Brazzaville a dit non, Kinshasa dit oui: l’énigme Bumba

Le contraste est frappant. À Brazzaville, les autorités ont tiré les leçons d’une expérience jugée décevante et ont confié l’assainissement urbain à la société turque Albayrak. «La République du Congo a mis fin à sa collaboration avec Averda, responsable de la gestion des déchets, après huit ans de service, en raison non seulement de l’expiration de son contrat fin 2023 mais aussi et surtout de problèmes de performance», rappelle un cadre au sein de l’administration urbaine. «Mais en face, à Kinshasa, le gouverneur Daniel Bumba semble ignorer cet échec régional et choisit de miser sur une entreprise déjà désavouée par le voisin direct», poursuit-il. 

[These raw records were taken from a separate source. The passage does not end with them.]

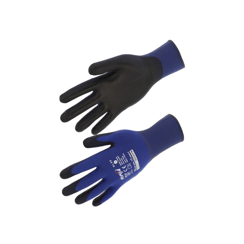 Gant de protection. Montage tricoté une pièce. (sans couture). Jauge 18. Support polyamide. Enduction polyuréthane (PU). Version paume enduite. Dos aéré (non enduit). Poignet élastique. Coloris: support bleu. Enduction noire. Collection Ninja®. AVANTAGES Super sensibilité, extra fin (JAUGE 18 !).Environ 30% plus léger que les gants polyamide/PU habituels. Confort extrême. Montage sans couture: améliore le confort de l'utilisateur (absence d'aspérité, de points d'échauffements). Améliore la dextérité pour la prise d'objets fins. Le dos aéré (non enduit) laisse respirer la main et améliore la souplesse du gant. Le poignet tricot élastique assure un bon maintien de l'équipement. La fabrication certifiée ISO 9001 vous garantit la fiabilité et la régularité de la production. NORMES EN 420 EN 420 EN 388 EN 388 3120X TYPES D'APPLICATION Entretien MaintenanceIndustrie LégèreSecond œuvre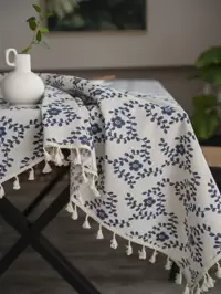 1pc Bohemian Vintage Blue Rose Floral Tassel Tablecloth, Rectangular Dust Cover For Dining Table, Coffee Table, Bedside Table, Suitable For Farmhouse, Kitchen, Dining Room, Living Room, Party, Picnic, Camping, BBQ, Holidays, Weddings, Home Decor, Spring/Summer #1 Bestseller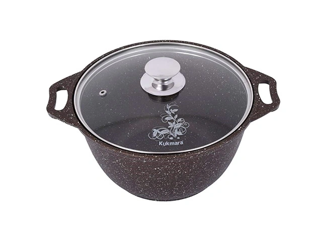 Кастрюля 3 л с антипригарным покрытием со стеклянной крышкой, Kukmara (Кофейный мрамор), кмк32а

Un mauvais casting aux conséquences prévisibles

«L’assainissement n’est pas un terrain d’expérimentation politique. Un mauvais choix de prestataire entraîne l’aggravation des risques sanitaires, le gaspillage des ressources publiques sans résultats mesurables, une colère sociale croissante face à l’inaction», assène un prêtre catholique, précisant que Kinshasa ne peut pas être le refuge des entreprises chassées ailleurs pour incompétence. «La capitale mérite des solutions durables, pas de recyclages d’échecs», cogne-t-il encore.

En 2017, les autorités provinciales avaient déjà signé un contrat avec l’entreprise Averda, sans réel impact sur le terrain. Le partenariat avait alors achoppé sur un différend administratif, lié notamment aux exigences de garanties financières et d’une avance de fonds formulées par l’entreprise, tandis que le gouvernement provincial attendait l’arrivée des équipements promis pour le démarrage des travaux. Étrange retour.